Open ttnghia opened 2 weeks ago
I'm working on composing a solution for this. A question in the meantime: if the result under- or overflows, what behavior is needed to match spark-rapids?
E.g. for floating -> decimal, should we return one of 0 / INT_MIN / INT_MAX? for decimal -> floating do we set 0 / +-inf? Or do we null the field entirely?
The code in the new conversion PR has been modified so that the cuDF-specific code wraps around the core of the conversion algorithm. In spark-rapids-jni, we can similarly wrap around this core to perform the spark-specific rounding that we need.
This cuDF draft PR has the code for the spark-specific rounding that we need, wrapping around the core of the cuDF conversion code. This code is just in cuDF for my ease of testing, and should be migrated to spark-rapids-jni for full integration.

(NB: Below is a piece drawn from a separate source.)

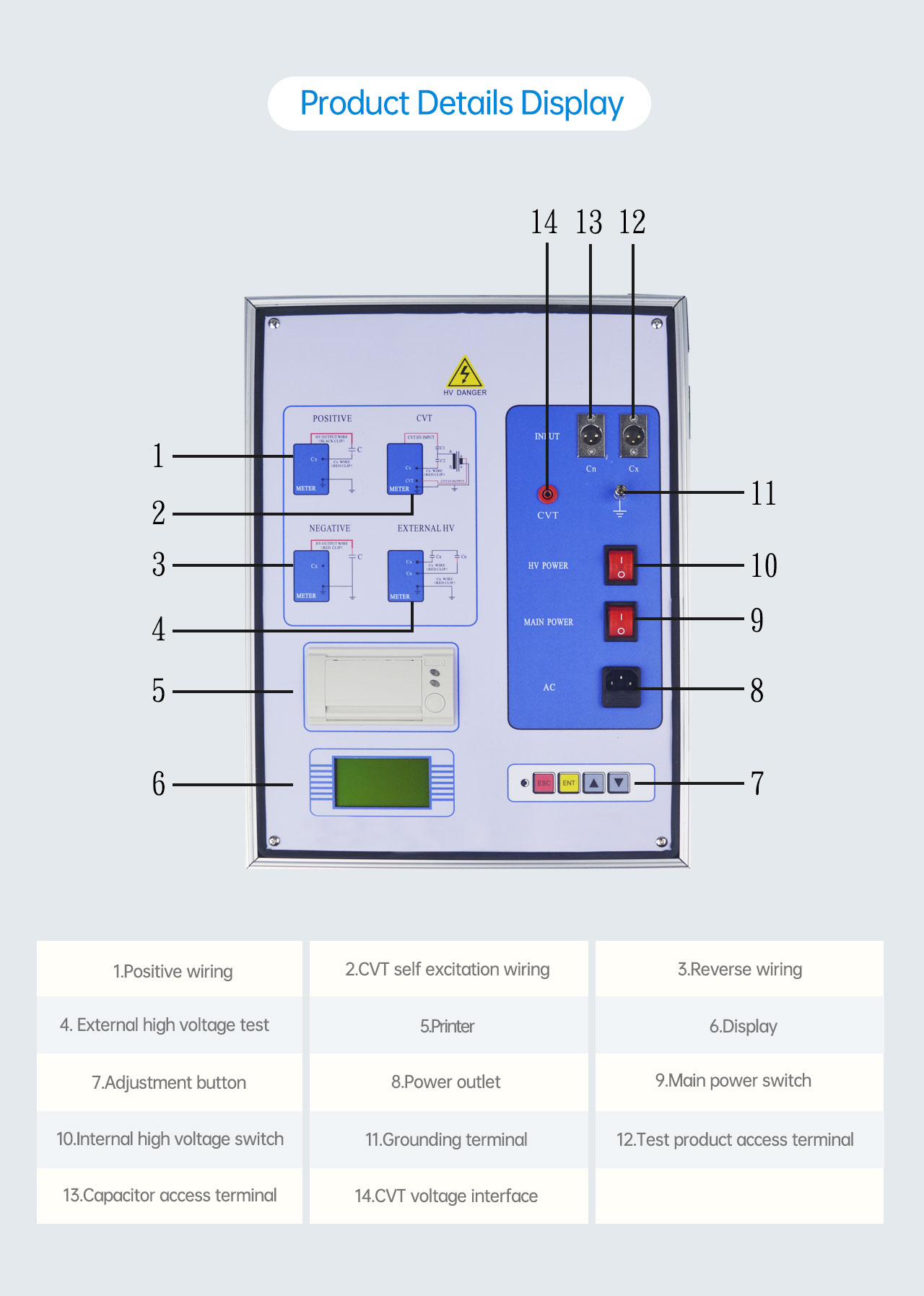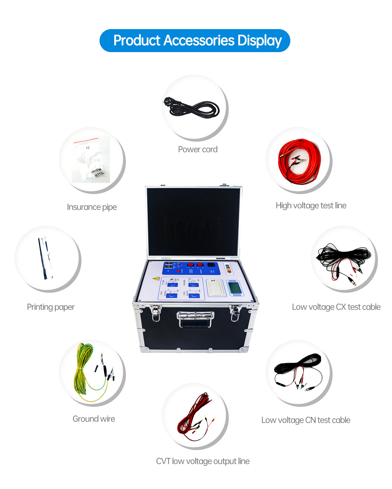 7. With CVT test function, the self excitation test of CVT can be realized without external accessories, only one-time measurement is needed, and the capacitance and dielectric loss of C1C2 are all measured.

The cuDF conversion PR has been merged.
Currently, there not exist any accurate float-to-decimal conversion. The closest operation to it is
cudf::round
which can produce some results that are not correct all the time. As such, we have issues like https://github.com/NVIDIA/spark-rapids/issues/9682 and https://github.com/NVIDIA/spark-rapids/issues/10809.A new dedicated conversion code in https://github.com/rapidsai/cudf/pull/15905 supposes to add some special handling for float-decimal conversion. Unfortunately, it performs truncation instead of rounding. It should be great to support an optional flag to that code, allowing to do either truncation or rounding depending on the applications.